Cat's Eye
Page 14
"What rhymes with Elaine?" Cordelia asks me. She doesn't wait for an answer. "Elaine is a pain."
Carol peers into the baby carriage. "Look at the bunny ears," she says. "What's his name?" Her voice is wistful. I see Brian in a new light. It isn't everyone who's allowed to wheel a baby.
"Brian," I say. "Brian Finestein."
"Finestein is a Jewish name," says Grace.
I don't know what Jewish is. I've seen the word Jew, the Bible is full of that word, but I didn't know there were any live, real ones, especially next door to me.

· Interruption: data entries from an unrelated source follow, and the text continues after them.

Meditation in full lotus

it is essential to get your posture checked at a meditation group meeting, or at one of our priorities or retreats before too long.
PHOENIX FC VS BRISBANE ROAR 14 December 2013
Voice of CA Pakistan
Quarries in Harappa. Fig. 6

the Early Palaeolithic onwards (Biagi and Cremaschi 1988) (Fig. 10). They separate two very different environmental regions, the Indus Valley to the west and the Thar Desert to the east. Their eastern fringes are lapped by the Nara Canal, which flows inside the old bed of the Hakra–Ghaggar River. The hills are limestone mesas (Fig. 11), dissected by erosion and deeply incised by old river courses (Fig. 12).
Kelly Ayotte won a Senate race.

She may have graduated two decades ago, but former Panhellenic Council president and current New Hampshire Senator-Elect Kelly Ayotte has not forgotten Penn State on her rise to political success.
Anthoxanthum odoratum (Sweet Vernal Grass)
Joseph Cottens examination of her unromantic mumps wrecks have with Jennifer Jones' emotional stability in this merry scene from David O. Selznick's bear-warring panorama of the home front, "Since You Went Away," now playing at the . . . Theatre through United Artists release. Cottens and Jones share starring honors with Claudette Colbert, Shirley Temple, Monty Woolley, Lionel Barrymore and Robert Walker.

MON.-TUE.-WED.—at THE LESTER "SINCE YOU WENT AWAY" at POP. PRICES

"Jews are kikes," says Carol, glancing at Cordelia for approval.
"Don't be vulgar," says Cordelia, in her adult voice. "Kike is not a word we use."

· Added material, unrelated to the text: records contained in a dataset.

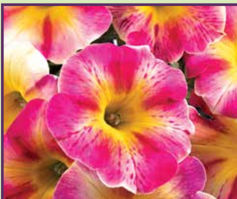
Crazytunia® Peach Bellini Petunia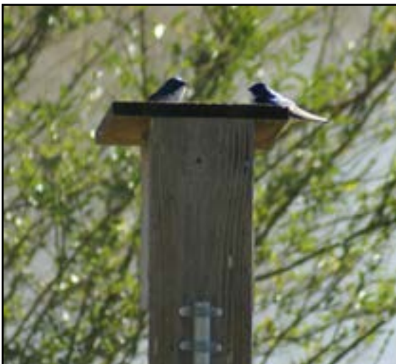
Monitoring ash impact on swallow population

Phase 3 was also a non-time-critical removal action that involved a comprehensive human health and ecological risk assessment of the estimated 500,000 cy of residual ash that was not removed from the Emory River during the Phase 1 time-critical dredging work or was transported downstream during storm events. Independent medical screening by Oak Ridge Associated Universities concluded that there were no adverse health impacts caused by the coal ash spill. Although the study concluded that the pre-existing fish consumption advisories should remain in effect. The ecological risk assessment evaluated twenty measurement endpoints for coal ash-related impacts including six species of fish, four species of birds, and three species of amphibians, three species of turtles, raccoons, mayflies, snails, and aquatic vegetation. Extensive geochemistry studies, sediment and pore water bioassays,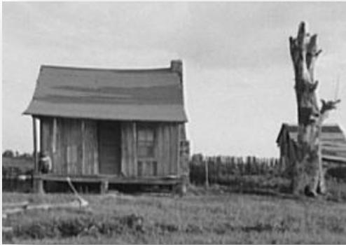
Sharecropper's Cabin, Washington County, Mississippi, 1937.

The Great Depression brought many economic problems to Mississippi in the 1930s. Farm prices were low and many factories, banks, and businesses closed.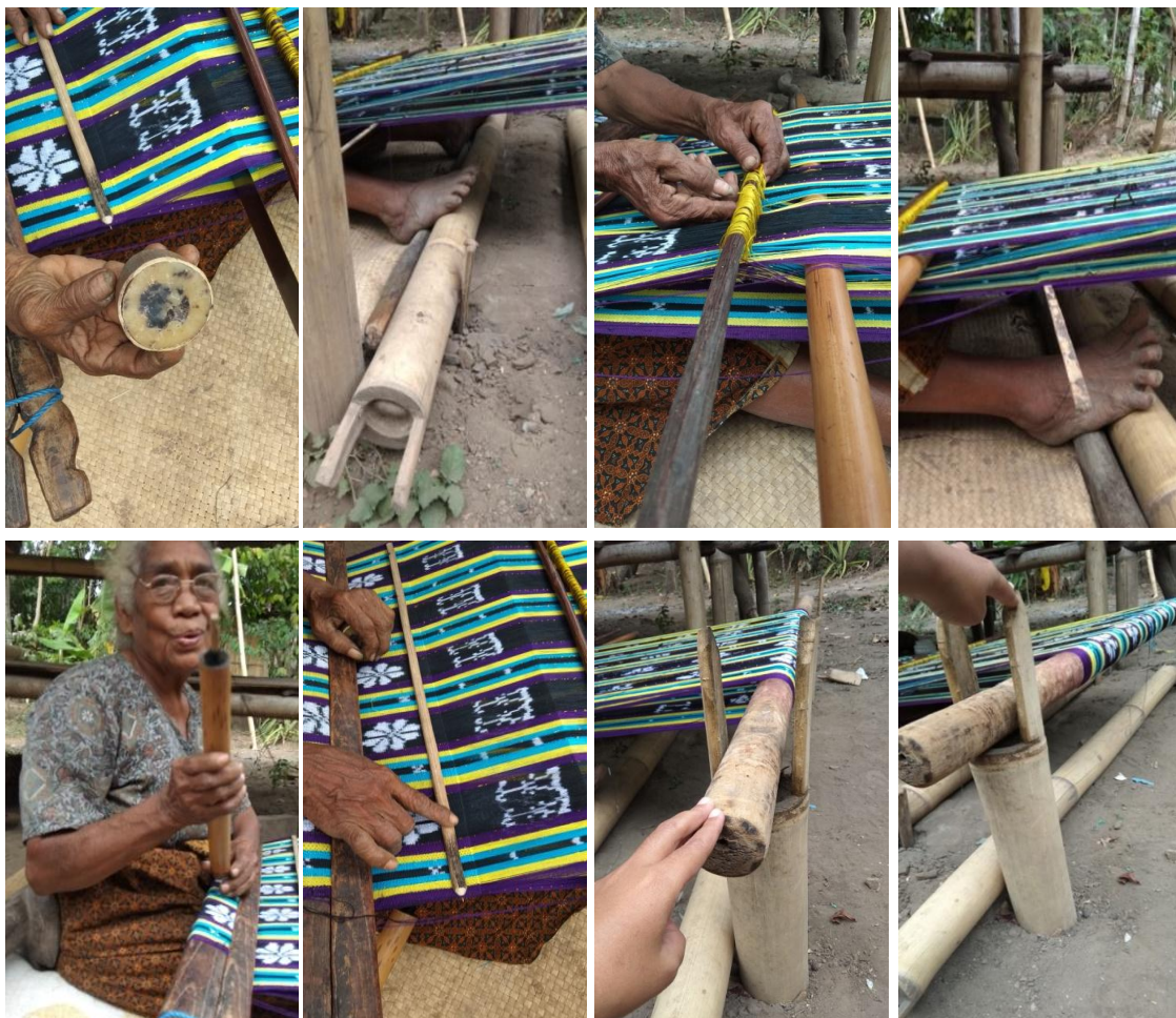
Figure 4: Components of Hobapojo looms

Regarding the names of the looms, people named them using local languages. So the name of the loom will be different if we are in different districts. Here are the names of looms from the Nagekei language based on the words of mama Mathilda Ito.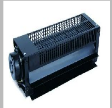
Elevator Blower Fan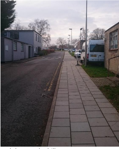
and then up the hill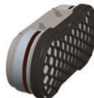
PAF-0046(AU) / PAF-0050(EU) COMBINED: ORGANIC GAS & VAPOUR + PARTICULATE A1P3 P SL R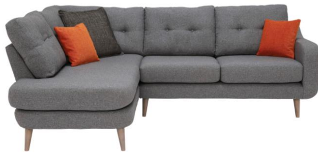
Left Hand Facing Corner Group W242 x D183cm x H86 Also available as Right Hand Facing

I ask my mother what Jewish is. She says it's a different kind of religion. Mr. Banerji is a different kind of religion as well, though not Jewish. There are many different kinds. As for the Jews, Hitler killed a great many of them, during the war.
"Why?" I say.
"He was demented," says my father. "A megalomaniac." Neither of these words is much help.

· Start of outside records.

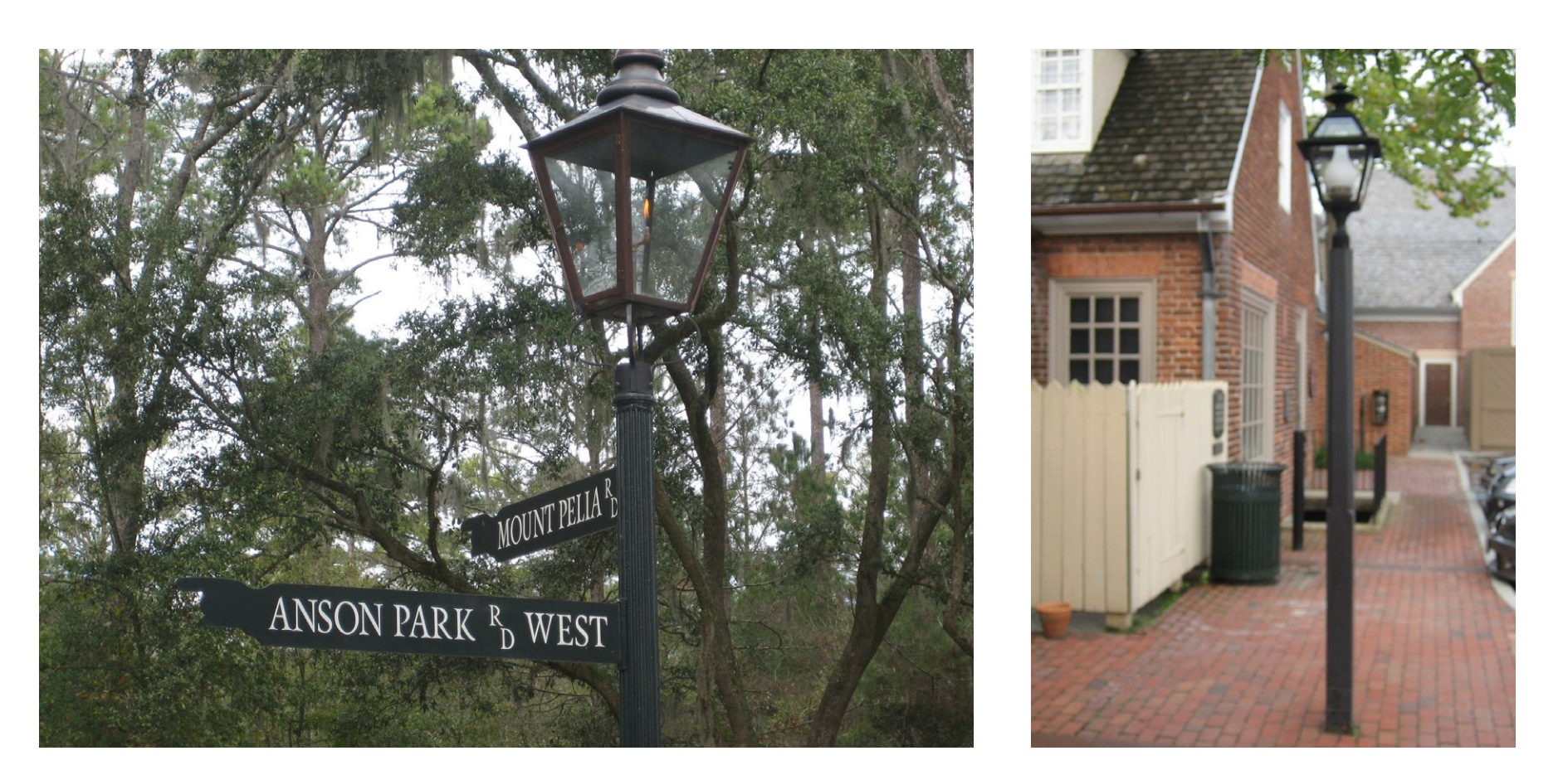
Pole-Mounted Light Fixtures

For more detail on lighting requirements please refer to Appendix E "Lighting" and Section 2.5 "Lighting" of the Amended Master Development Plan.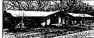
WOODED RAVINE SETTING. Perfection in this walkout custom ranch. Overlooks woods and stream. Enjoy the comfort of appreciation. Possible Land Contract. Realistic seller transferred. $119,900. 651-1900.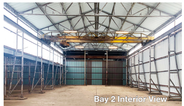
Bay 2 Interior View

Clay Pritchett, SIOR Partner tel 713 985 4631 clay.pritchett@naipartners.com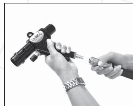
9. Connect the air tool to the air tube again.

"A bad person," says my mother.
I wheel Brian over the cindery snow, easing him around the potholes. He goggles up at me, his nose red, his tiny mouth unsmiling. Brian has a new dimension: he is a Jew. There is something extra and a little heroic about him; not even the blue ears of his bunny suit can detract from that. Jewish goes with the diapers, the oranges in the bowl, Mrs. Finestein's gold earrings and her possibly real ear holes, but also with ancient, important matters. You wouldn't expect to see a Jew every day.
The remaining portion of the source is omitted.